Serena Autieri (born 4 April 1976) is an Italian actress and singer. She co-hosted the 53rd presentation of the annual Sanremo Music Festival in 2003, along with Pippo Baudo and Claudia Gerini.

Career 
Serena Autieri was born in Naples, Campania. As a child she studied ballet, singing, and acting.

On 14 April 2003, she released her album CD Anima Soul. Her television debut was in 1998 on the soap opera Un posto al sole broadcast by RAI Tre. Autieri made her first appearance on the stage in 2002 in the musical Bulli e pupe. The following year, in 2003, she was co-host for the 52nd presentation of the nationally televised Sanremo Music Festival alongside presenter Pippo Baudo and actress Claudia Gerini. In 2004, she had her first starring role in a major picture with Sara May, which was directed by Marianna Sciveres.

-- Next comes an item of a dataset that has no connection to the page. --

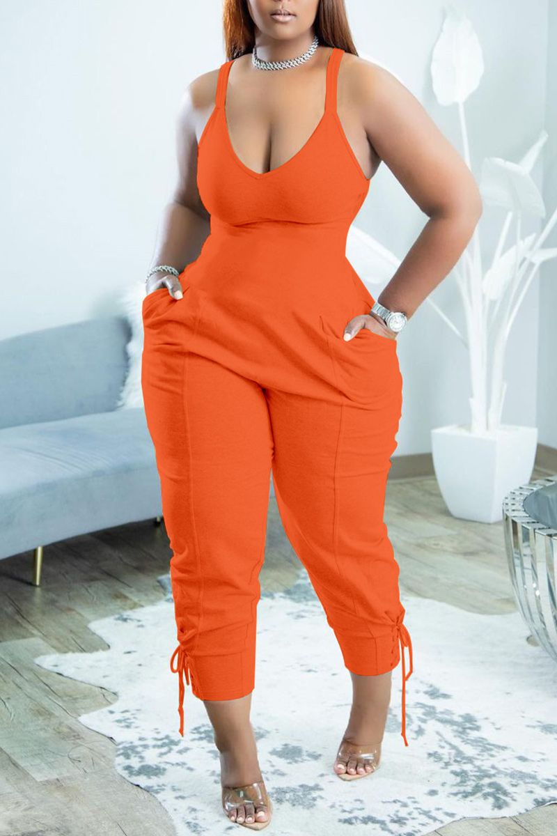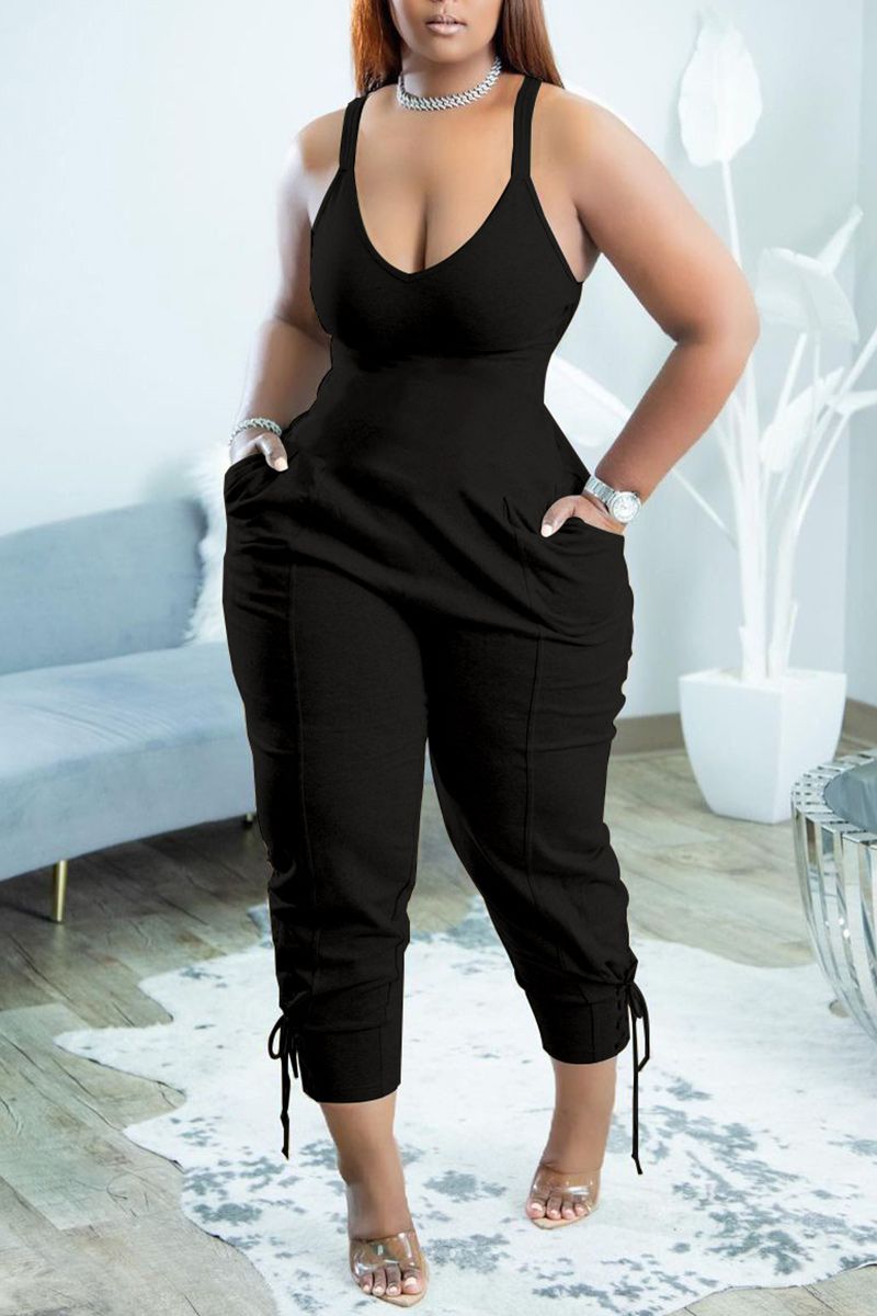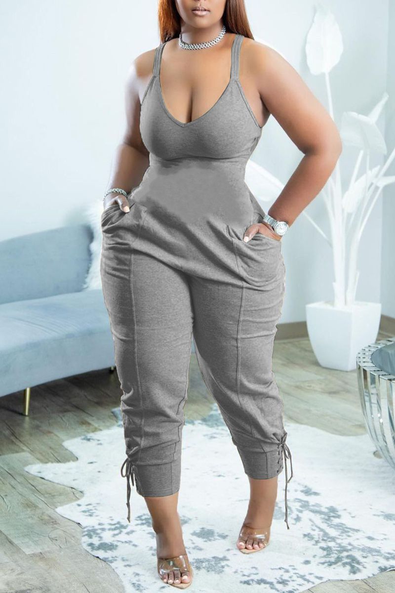 Slant Pocket Lace Up Hem Tank Jumpsuit

Autieri, who is blonde and blue-eyed, has had roles in several soap operas and television mini-series. These include  La maledizione dei templari ("The Curse of the Templars"), in which she portrayed Clemence of Hungary, and L'onore e il rispetto ("Honor and Respect"), where she played the part of Olga.

In 2013, Serena supplied the talking and singing parts for Elsa, the Snow Queen in the Italian dub of the Disney Animation, Frozen, (Italian: "Frozen - Il Regno di Ghiaccio", meaning "Frozen - The Kingdom of Ice").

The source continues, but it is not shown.